A51Q-0345
Fire in a Changing Climate: Stochastic versus Threshold-constrained Ignitions in a Dynamic Global Vegetation Model

Friday, 18 December 2015
Poster Hall (Moscone South)
Tim Sheehan1,2, Dominique M Bachelet1 and Ken Ferschweiler1, (1)Conservation Biology Institute, Corvallis, OR, United States, (2)Oregon State University, Environmental Sciences, Corvallis, OR, United States
Abstract:
The MC2 dynamic global vegetation model fire module simulates fire occurrence, area burned, and fire impacts including mortality, biomass burned, and nitrogen volatilization. Fire occurrence is based on fuel load levels and vegetation-specific thresholds for three calculated fire weather indices: fine fuel moisture code (FFMC) for the moisture content of fine fuels; build-up index (BUI) for the total amount of fuel available for combustion; and energy release component (ERC) for the total energy available to fire. Ignitions are assumed (i.e. the probability of an ignition source is 1). The model is run with gridded inputs and the fraction of each grid cell burned is limited by a vegetation-specific fire return period (FRP) and the number of years since the last fire occurred in the grid cell. One consequence of assumed ignitions FRP constraint is that similar fire behavior can take place over large areas with identical vegetation type. In regions where thresholds are often exceeded, fires occur frequently (annually in some instances) with a very low fraction of a cell burned. In areas where fire is infrequent, a single hot, dry climate event can result in intense fire over a large region. Both cases can potentially result in large areas with uniform vegetation type and age.

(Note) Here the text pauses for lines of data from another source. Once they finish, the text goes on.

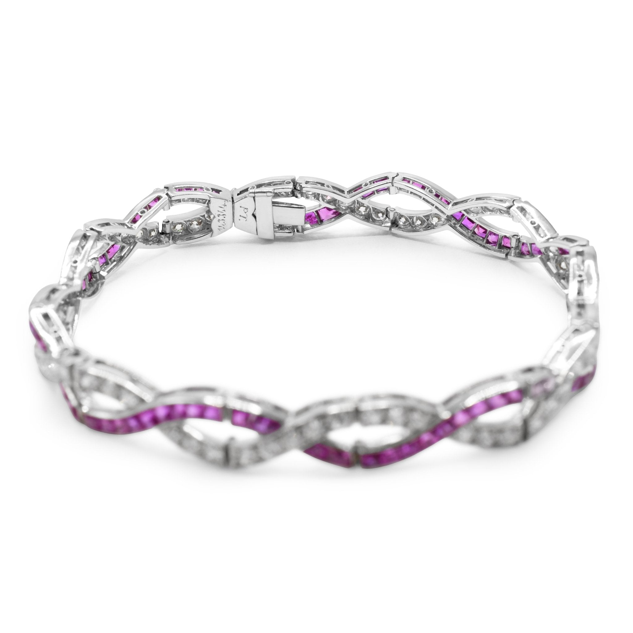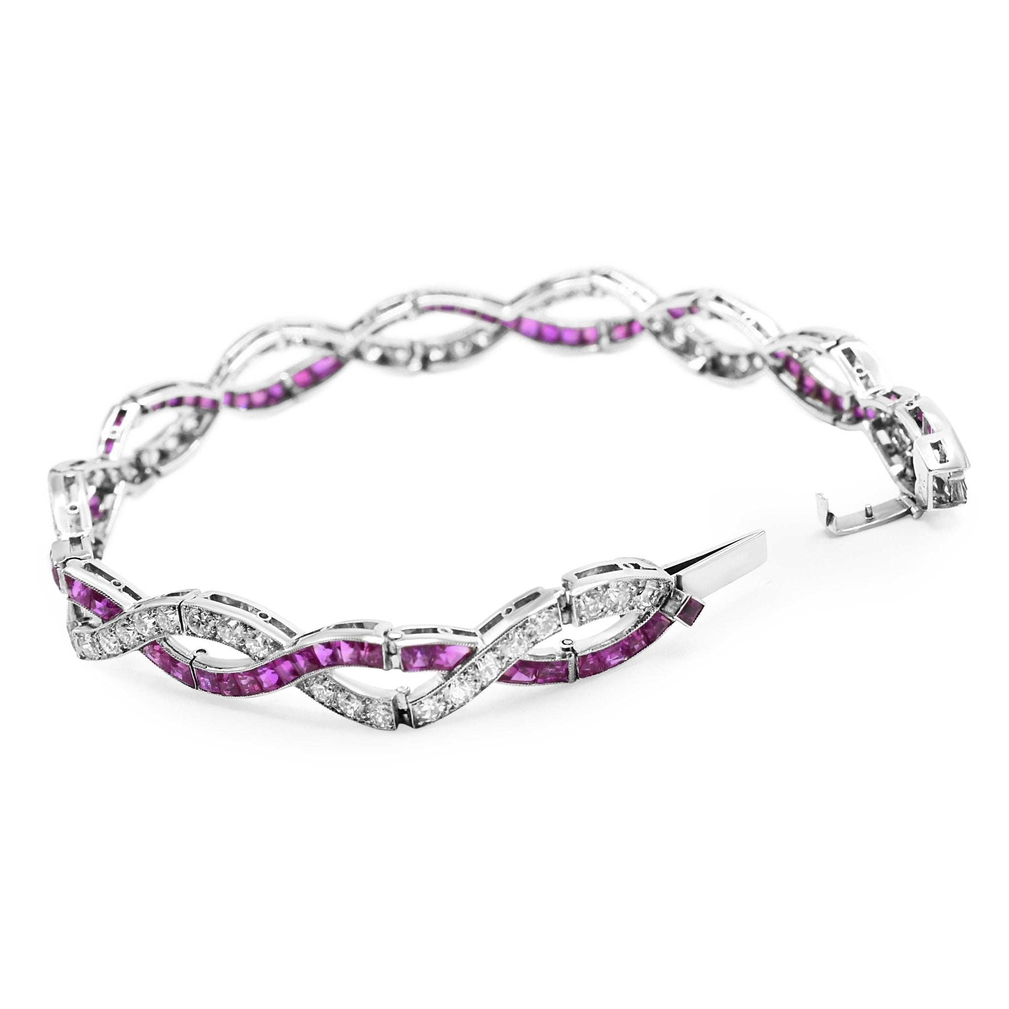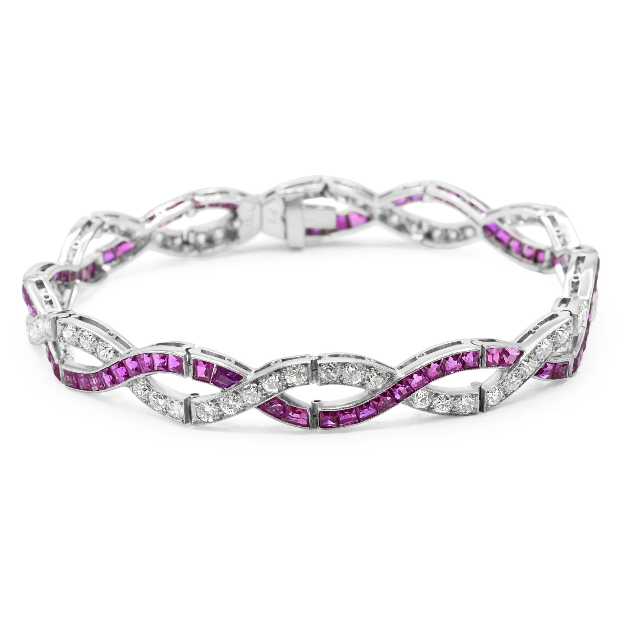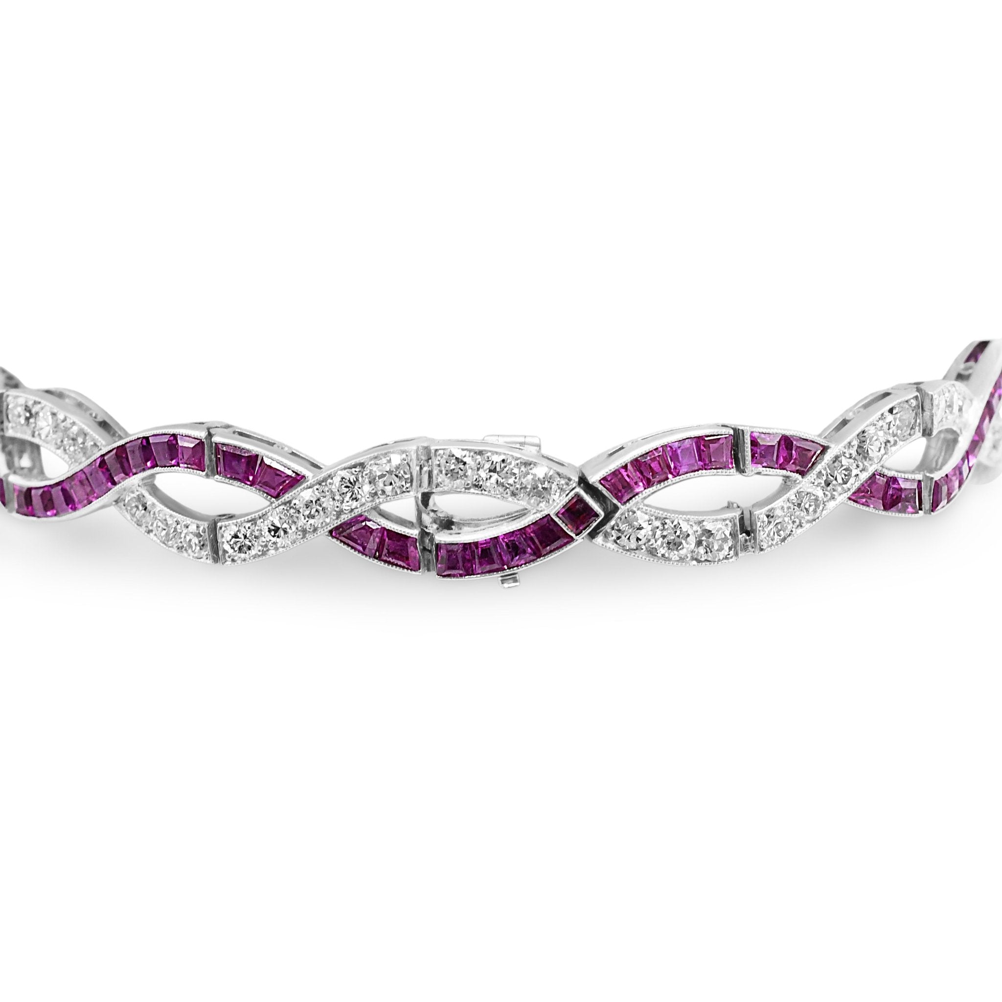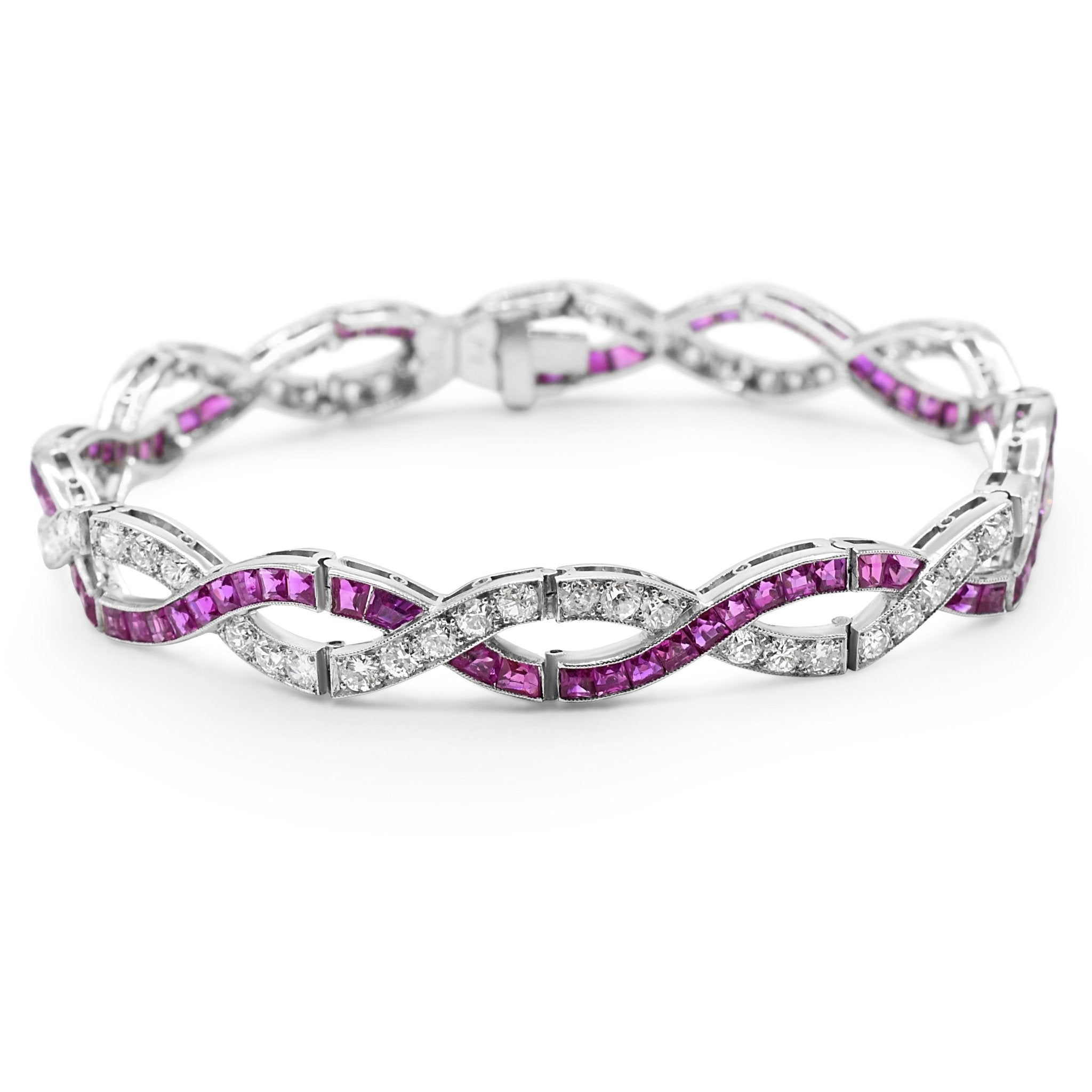 Vintage Calibre Cut Ruby & Brilliant Cut Diamond Entwined Bracelet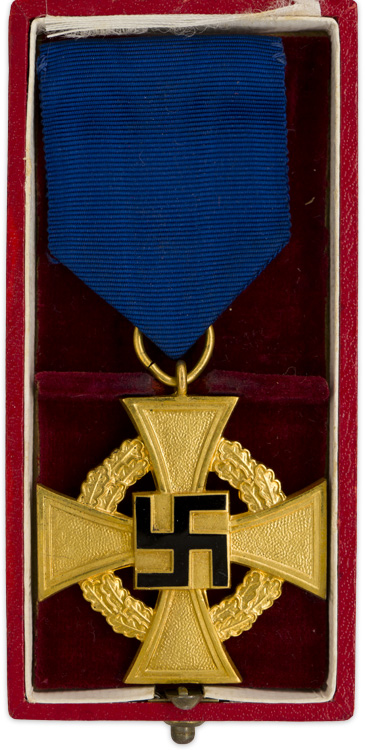 PHYSICAL DESCRIPTION: Die struck alloy, first class award with a fire gilt finish and black enamel work. The decoration is in the form of a cross Pattée with an embossed circular oak-leaf wreath extending between the arms of the cross. The center of the cross has a square plate with a black enameled static swastika to the obverse and embossed Gothic script to the reverse, "Für treue Dienste", (For Loyal Service). The arms of the cross have a slightly textured background field with smooth, dual stepped, raised outer edges. The fire gilt finish and the black enamel are both fully intact and the decoration is still very bright and clean. The ribbon suspension ring and loop are both intact. The decoration comes complete with an original piece of ribbed, moiré, cornflower blue ribbon with a brass pin back device handstitched to the reverse top edge. Also included is the original award case.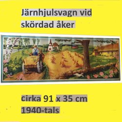 Järnhjuls-vagn, skördat fält och kyrka. 1940-50t. Stor pappersbonad. 92x35 WW578

To better reflect realistic fire occurrence, we have developed a stochastic fire occurrence model that: a) uses a map of relative ignition probability and a multiplier to alter overall ignition occurrence; b) adjusts the original fixed fire thresholds with ignition success probabilities based on fire weather indices; and c) calculates spread by using a probability based on slope and wind direction. A Monte Carlo method is used with all three algorithms to determine occurrence. The new stochastic ignition approach yields more variety in fire intensity, a smaller annual total of cells burned, and patchier vegetation.